Copy word for word the lines of the records below, beginning at the one with "Salopette short en" and finishing at the one with "Lucas Kilian created", ends included, but none of the pictures.

[EXERCISE MATERIALS Boundary: Start]

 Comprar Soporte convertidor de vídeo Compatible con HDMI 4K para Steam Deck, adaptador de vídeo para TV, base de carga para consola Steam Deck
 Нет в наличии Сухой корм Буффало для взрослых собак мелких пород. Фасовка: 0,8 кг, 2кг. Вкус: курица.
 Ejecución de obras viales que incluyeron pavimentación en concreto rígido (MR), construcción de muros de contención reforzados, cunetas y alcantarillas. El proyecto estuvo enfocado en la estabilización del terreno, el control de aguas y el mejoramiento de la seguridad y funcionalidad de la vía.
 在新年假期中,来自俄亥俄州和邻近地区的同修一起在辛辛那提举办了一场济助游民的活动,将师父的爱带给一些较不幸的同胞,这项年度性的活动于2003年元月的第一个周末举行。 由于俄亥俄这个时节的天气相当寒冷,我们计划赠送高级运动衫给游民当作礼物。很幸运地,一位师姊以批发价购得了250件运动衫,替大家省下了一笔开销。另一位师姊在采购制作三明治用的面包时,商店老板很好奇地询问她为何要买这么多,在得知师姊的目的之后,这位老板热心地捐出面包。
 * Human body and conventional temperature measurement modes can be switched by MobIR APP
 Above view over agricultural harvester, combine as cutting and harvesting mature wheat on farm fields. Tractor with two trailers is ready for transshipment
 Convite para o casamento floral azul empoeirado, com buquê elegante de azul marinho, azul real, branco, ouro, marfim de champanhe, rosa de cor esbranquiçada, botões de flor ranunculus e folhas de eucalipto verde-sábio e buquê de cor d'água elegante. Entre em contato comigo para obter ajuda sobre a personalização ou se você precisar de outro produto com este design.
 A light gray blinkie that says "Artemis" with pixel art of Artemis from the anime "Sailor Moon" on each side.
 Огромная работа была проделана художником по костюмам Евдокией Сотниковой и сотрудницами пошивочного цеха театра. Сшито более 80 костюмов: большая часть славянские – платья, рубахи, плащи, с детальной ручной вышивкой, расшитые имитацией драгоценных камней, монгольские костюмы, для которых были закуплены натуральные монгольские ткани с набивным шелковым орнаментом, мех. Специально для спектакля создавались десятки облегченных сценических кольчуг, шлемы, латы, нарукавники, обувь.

[EXERCISE MATERIALS Boundary: End]
[EXERCISE MATERIALS Boundary: Start]

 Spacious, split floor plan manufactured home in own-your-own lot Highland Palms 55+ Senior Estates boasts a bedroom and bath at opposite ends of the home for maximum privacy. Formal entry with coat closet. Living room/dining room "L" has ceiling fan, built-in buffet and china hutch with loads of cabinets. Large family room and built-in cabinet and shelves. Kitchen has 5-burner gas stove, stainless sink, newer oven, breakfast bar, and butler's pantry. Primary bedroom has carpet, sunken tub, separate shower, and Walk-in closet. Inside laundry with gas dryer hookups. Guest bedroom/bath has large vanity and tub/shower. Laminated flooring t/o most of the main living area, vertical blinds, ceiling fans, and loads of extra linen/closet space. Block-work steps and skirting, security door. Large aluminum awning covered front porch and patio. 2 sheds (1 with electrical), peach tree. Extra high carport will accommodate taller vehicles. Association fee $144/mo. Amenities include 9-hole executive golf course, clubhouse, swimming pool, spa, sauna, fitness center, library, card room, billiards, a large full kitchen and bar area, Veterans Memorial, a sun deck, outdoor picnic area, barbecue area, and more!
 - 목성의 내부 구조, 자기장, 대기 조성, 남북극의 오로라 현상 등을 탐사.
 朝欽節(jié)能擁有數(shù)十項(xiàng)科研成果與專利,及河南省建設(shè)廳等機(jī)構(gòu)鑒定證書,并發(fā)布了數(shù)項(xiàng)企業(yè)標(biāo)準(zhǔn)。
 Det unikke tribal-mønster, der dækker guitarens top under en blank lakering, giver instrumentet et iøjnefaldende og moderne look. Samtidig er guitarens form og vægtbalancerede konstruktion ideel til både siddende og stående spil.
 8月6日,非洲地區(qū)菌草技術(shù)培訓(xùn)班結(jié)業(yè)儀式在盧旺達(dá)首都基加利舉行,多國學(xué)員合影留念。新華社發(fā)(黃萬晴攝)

[EXERCISE MATERIALS Boundary: End]
[EXERCISE MATERIALS Boundary: Start]

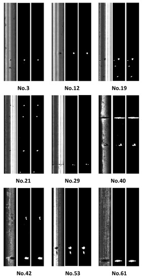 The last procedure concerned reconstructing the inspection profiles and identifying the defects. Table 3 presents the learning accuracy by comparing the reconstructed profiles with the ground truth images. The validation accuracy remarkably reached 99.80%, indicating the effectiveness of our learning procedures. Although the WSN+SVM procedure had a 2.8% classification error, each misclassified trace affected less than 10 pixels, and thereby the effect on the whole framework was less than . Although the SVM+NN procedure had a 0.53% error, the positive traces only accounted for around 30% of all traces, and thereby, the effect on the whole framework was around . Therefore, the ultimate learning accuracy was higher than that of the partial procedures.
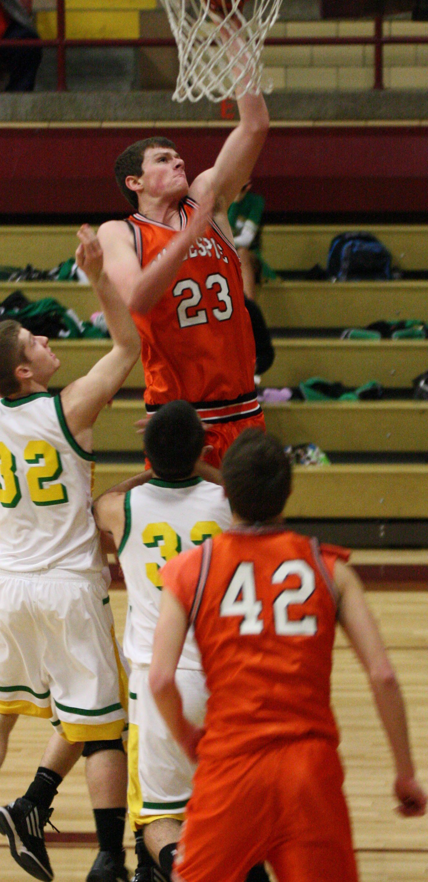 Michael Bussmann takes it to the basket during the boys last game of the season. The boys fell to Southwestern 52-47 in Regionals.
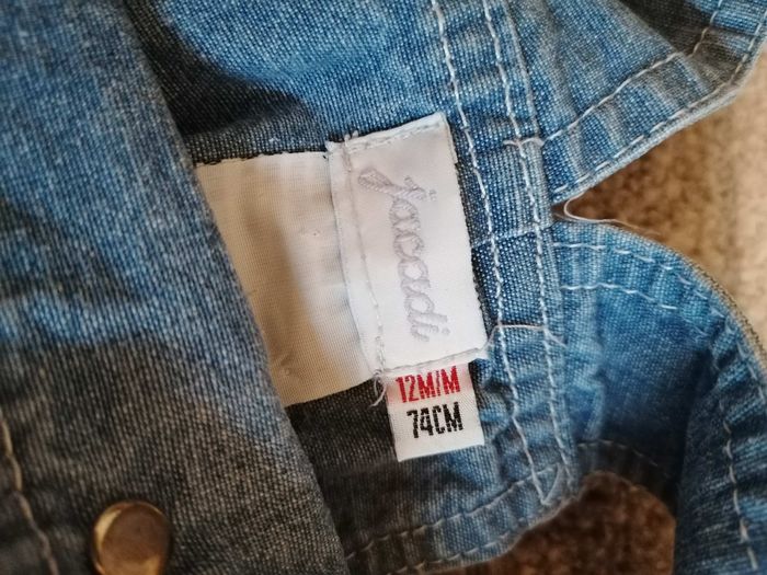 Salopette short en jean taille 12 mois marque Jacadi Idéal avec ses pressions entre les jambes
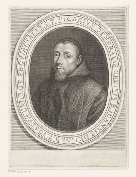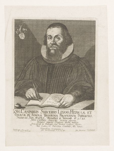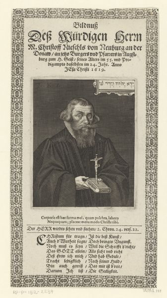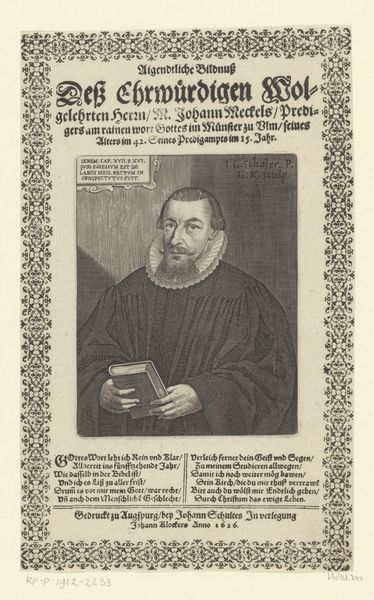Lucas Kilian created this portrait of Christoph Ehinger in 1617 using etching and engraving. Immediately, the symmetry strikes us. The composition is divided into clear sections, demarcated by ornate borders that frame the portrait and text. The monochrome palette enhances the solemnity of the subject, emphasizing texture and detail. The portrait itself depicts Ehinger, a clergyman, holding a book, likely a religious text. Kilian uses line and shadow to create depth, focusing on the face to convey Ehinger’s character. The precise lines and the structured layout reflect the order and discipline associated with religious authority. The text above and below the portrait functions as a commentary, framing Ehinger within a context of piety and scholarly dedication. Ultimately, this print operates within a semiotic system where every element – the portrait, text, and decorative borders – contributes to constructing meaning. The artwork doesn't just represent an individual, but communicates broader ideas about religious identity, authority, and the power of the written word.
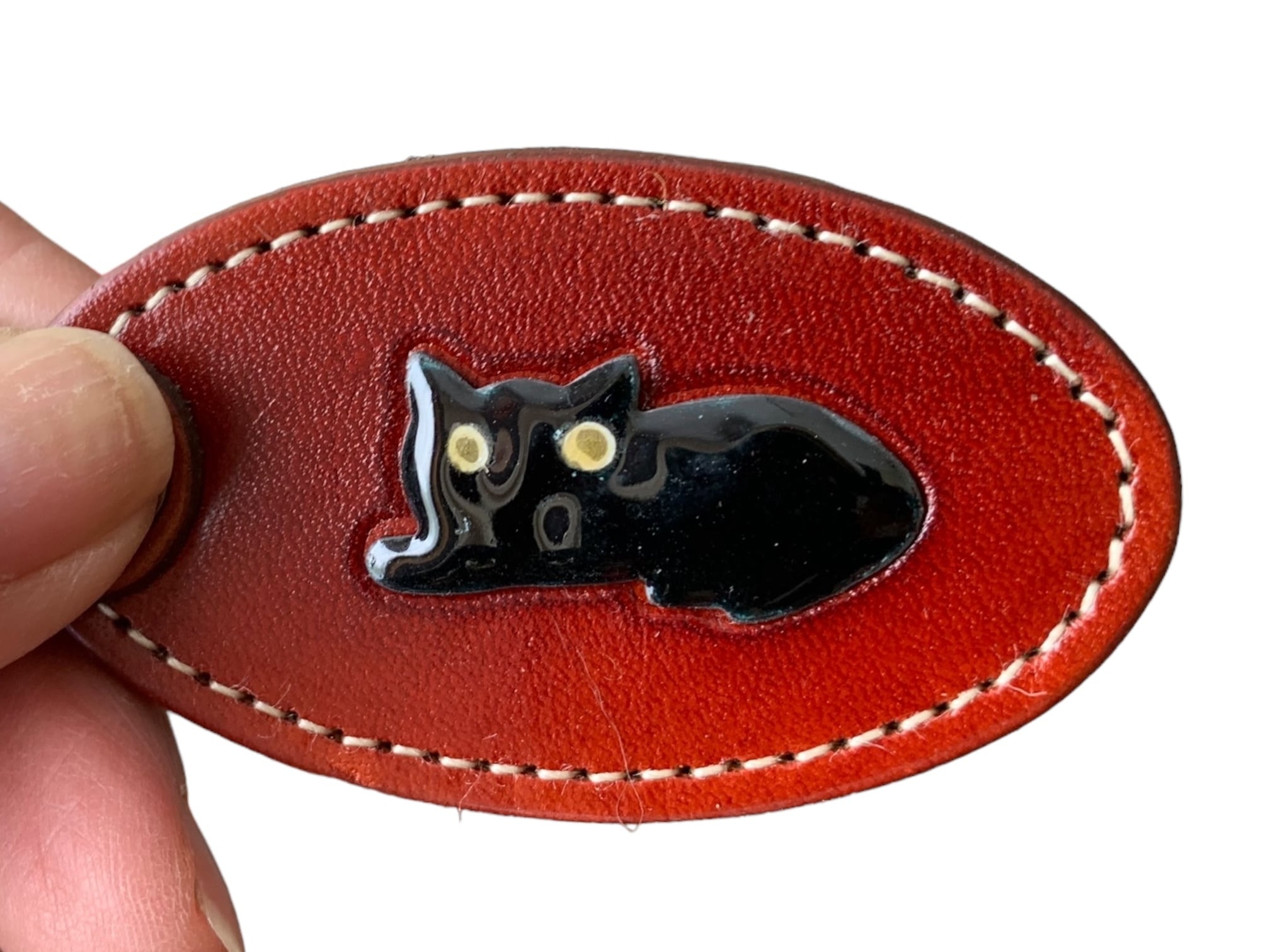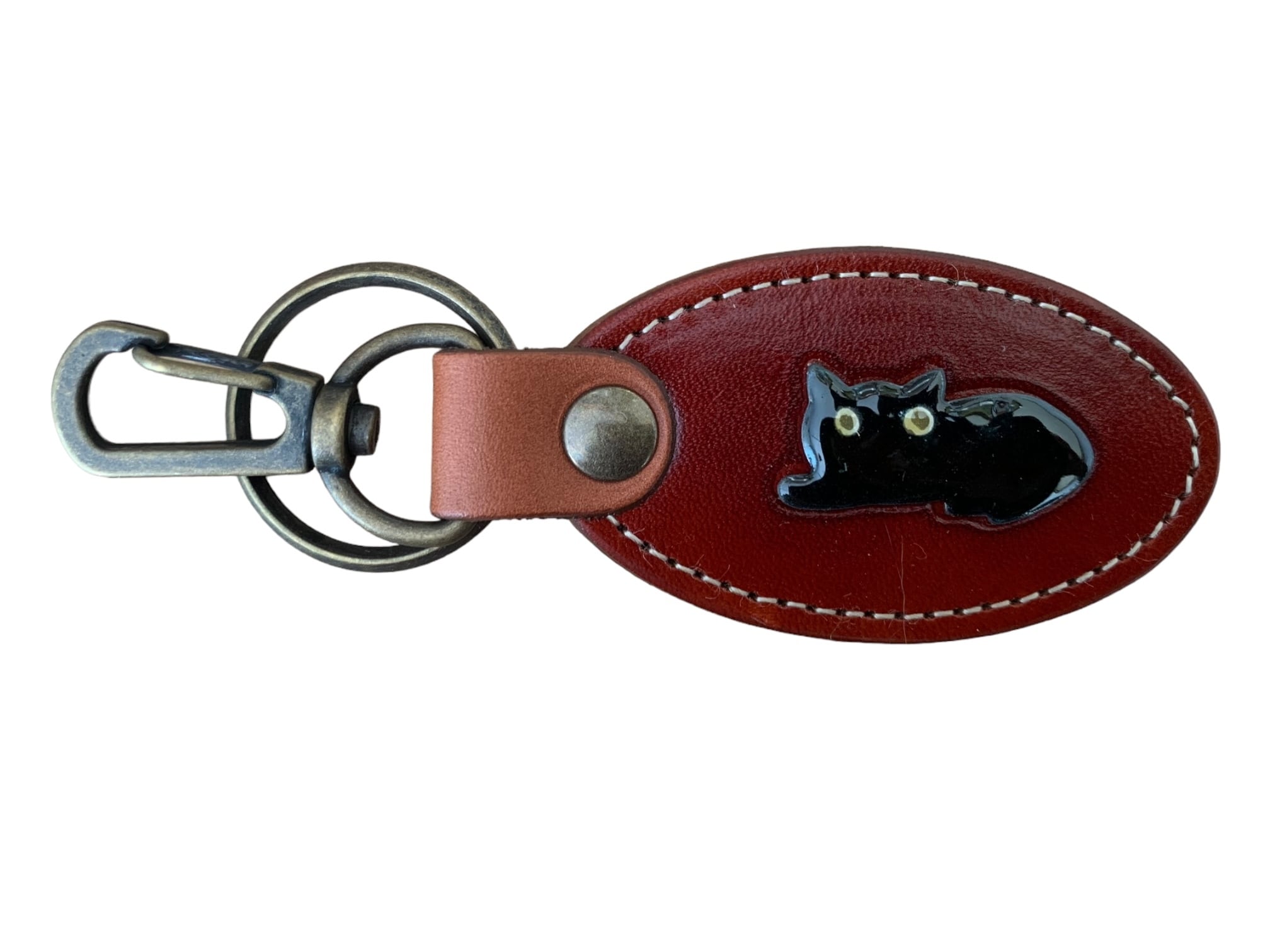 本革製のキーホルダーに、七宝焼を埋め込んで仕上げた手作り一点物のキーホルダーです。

[EXERCISE MATERIALS Boundary: End]

YOUR SOLUTION =
 Salopette short en jean taille 12 mois marque Jacadi Idéal avec ses pressions entre les jambes
Lucas Kilian created this portrait of Christoph Ehinger in 1617 using etching and engraving. Immediately, the symmetry strikes us. The composition is divided into clear sections, demarcated by ornate borders that frame the portrait and text. The monochrome palette enhances the solemnity of the subject, emphasizing texture and detail. The portrait itself depicts Ehinger, a clergyman, holding a book, likely a religious text. Kilian uses line and shadow to create depth, focusing on the face to convey Ehinger’s character. The precise lines and the structured layout reflect the order and discipline associated with religious authority. The text above and below the portrait functions as a commentary, framing Ehinger within a context of piety and scholarly dedication. Ultimately, this print operates within a semiotic system where every element – the portrait, text, and decorative borders – contributes to constructing meaning. The artwork doesn't just represent an individual, but communicates broader ideas about religious identity, authority, and the power of the written word.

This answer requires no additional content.